_What to work on_: The following data needs to be repeated exactly, with all images excluded.

[Information provided]

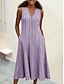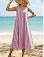 Femmes Robe Midi Robe en coton et lin Moderne Quotidien Vacances Sortir Coupe Ample Rayé Sans manches Col en V Bleu Noir Rose Claire Violet Été Printemps
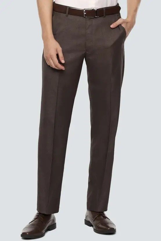 Men Regular Fit Brown Polyester Trousers
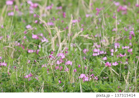 田んぼに生えているレンゲの花

[/Information provided]

_Reply_:
 Femmes Robe Midi Robe en coton et lin Moderne Quotidien Vacances Sortir Coupe Ample Rayé Sans manches Col en V Bleu Noir Rose Claire Violet Été Printemps
 Men Regular Fit Brown Polyester Trousers
 田んぼに生えているレンゲの花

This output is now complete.